For the records below, output word for word the lines from the one with "情系林大,筑梦商院。中南林业" up to and including the one with "Spurlock, Morgan. (2026, January". No pictures.

* [Materials provided]:
———
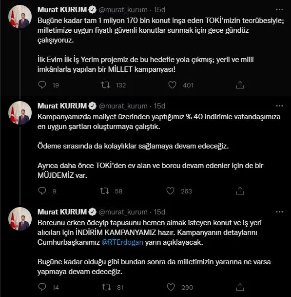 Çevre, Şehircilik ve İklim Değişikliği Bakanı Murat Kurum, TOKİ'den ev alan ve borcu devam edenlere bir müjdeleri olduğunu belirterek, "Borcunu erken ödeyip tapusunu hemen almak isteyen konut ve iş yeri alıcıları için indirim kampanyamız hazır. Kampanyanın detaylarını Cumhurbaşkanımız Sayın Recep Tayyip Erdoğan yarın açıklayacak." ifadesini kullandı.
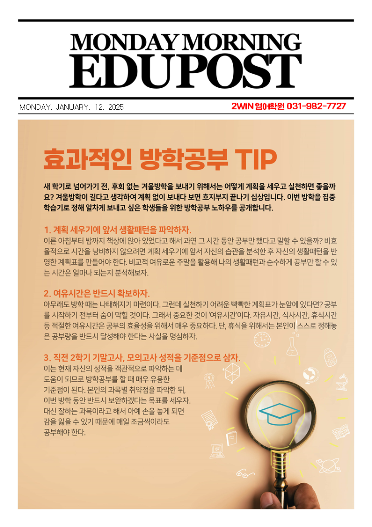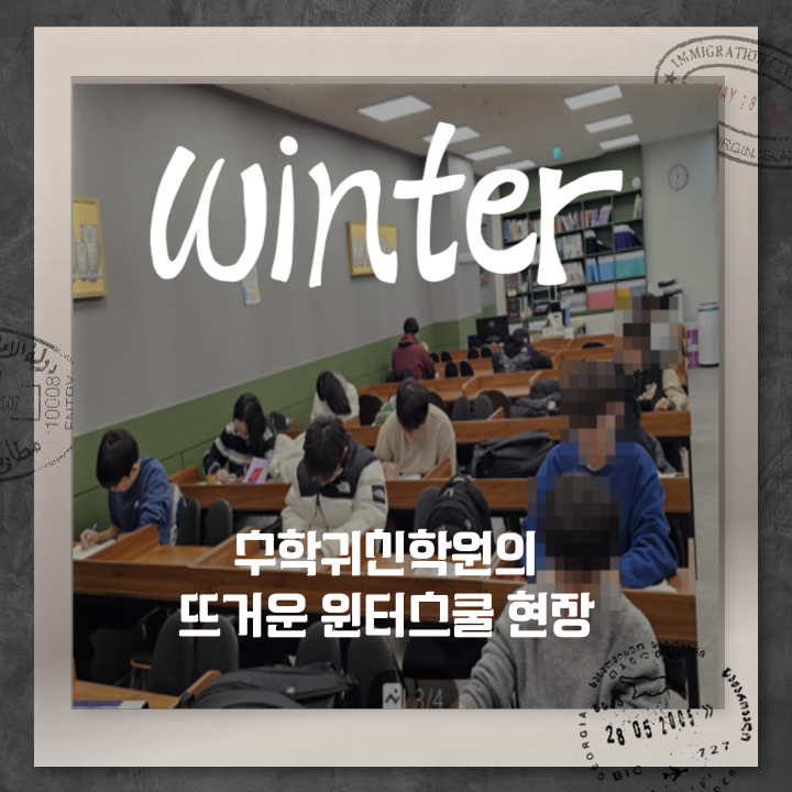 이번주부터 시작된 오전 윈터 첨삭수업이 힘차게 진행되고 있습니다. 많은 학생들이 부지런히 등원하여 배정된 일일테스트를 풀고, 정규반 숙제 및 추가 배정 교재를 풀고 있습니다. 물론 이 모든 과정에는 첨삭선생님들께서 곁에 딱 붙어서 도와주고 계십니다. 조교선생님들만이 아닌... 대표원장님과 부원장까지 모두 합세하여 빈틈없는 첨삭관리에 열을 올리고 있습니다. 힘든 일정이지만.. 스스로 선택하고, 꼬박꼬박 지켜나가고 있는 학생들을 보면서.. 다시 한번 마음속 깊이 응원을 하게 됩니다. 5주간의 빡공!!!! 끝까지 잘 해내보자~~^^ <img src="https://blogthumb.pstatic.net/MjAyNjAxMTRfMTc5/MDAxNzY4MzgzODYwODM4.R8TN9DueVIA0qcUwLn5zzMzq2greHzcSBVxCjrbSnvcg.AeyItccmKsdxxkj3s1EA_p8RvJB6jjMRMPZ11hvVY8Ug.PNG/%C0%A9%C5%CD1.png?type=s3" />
———
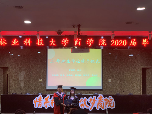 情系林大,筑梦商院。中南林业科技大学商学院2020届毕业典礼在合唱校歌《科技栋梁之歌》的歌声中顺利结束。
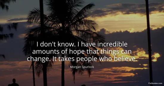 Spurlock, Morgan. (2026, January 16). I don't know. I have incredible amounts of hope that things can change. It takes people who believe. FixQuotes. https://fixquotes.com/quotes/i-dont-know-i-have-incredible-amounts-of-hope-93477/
———
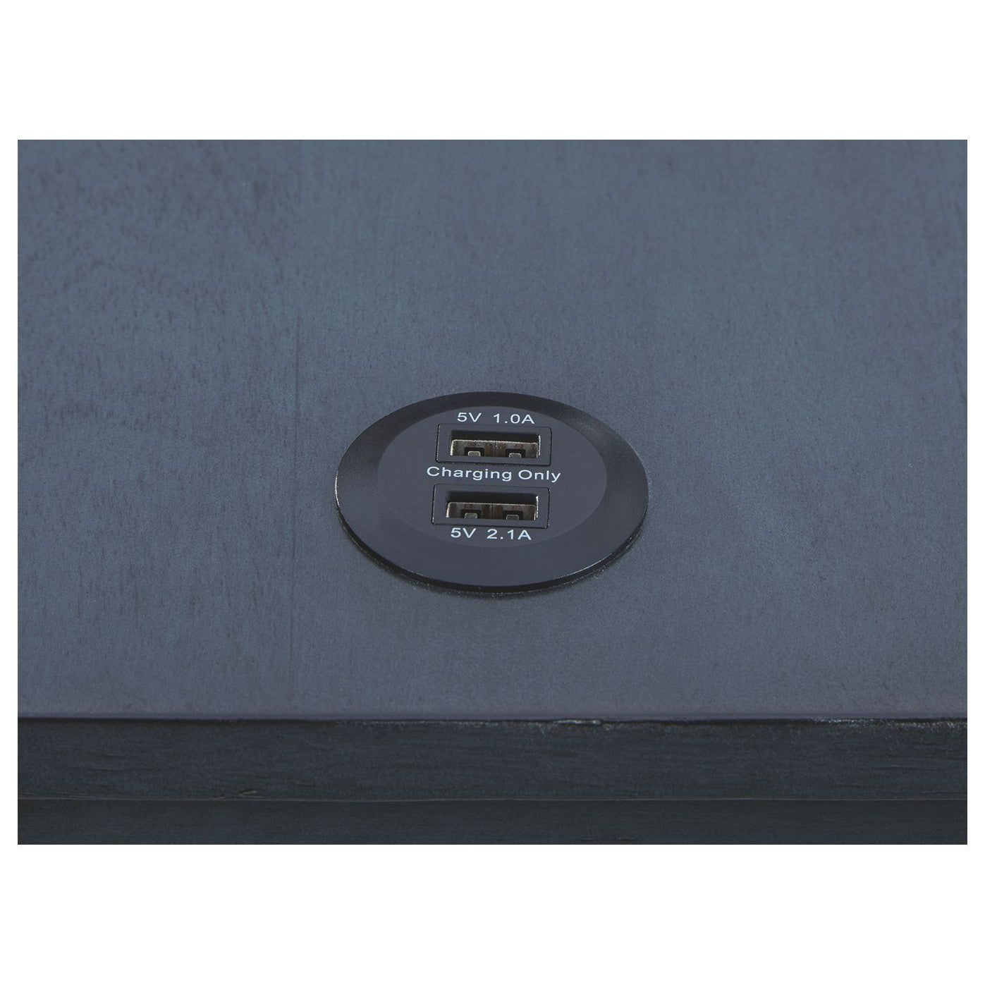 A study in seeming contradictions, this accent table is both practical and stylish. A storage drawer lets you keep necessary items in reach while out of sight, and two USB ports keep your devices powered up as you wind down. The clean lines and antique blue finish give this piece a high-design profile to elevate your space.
———
* [Exercise answer]:
 情系林大,筑梦商院。中南林业科技大学商学院2020届毕业典礼在合唱校歌《科技栋梁之歌》的歌声中顺利结束。
 Spurlock, Morgan. (2026, January 16). I don't know. I have incredible amounts of hope that things can change. It takes people who believe. FixQuotes. https://fixquotes.com/quotes/i-dont-know-i-have-incredible-amounts-of-hope-93477/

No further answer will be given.